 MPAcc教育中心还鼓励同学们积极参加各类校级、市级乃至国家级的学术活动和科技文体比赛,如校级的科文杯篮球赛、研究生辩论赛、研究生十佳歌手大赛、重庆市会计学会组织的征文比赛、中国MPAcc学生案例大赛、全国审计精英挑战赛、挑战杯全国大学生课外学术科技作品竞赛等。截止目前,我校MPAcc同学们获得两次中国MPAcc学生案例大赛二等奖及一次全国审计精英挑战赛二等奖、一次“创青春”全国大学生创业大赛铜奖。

--

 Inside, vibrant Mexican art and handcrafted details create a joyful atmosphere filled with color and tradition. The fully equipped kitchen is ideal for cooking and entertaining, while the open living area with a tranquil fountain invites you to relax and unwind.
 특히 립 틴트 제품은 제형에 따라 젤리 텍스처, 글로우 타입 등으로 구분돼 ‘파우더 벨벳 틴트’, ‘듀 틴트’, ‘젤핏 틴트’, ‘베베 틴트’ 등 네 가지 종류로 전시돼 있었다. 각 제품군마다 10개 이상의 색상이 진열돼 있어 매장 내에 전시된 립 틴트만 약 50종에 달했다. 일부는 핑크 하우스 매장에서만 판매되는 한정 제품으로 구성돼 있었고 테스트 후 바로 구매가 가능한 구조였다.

WHAT THE EXERCISE ASKS >>
Everything starting at the line containing "Inside, vibrant Mexican" and ending at the line containing "특히 립 틴트 제품은" in the records above should be repeated exactly, and only that.

TASK ANSWER >>
 Inside, vibrant Mexican art and handcrafted details create a joyful atmosphere filled with color and tradition. The fully equipped kitchen is ideal for cooking and entertaining, while the open living area with a tranquil fountain invites you to relax and unwind.
 특히 립 틴트 제품은 제형에 따라 젤리 텍스처, 글로우 타입 등으로 구분돼 ‘파우더 벨벳 틴트’, ‘듀 틴트’, ‘젤핏 틴트’, ‘베베 틴트’ 등 네 가지 종류로 전시돼 있었다. 각 제품군마다 10개 이상의 색상이 진열돼 있어 매장 내에 전시된 립 틴트만 약 50종에 달했다. 일부는 핑크 하우스 매장에서만 판매되는 한정 제품으로 구성돼 있었고 테스트 후 바로 구매가 가능한 구조였다.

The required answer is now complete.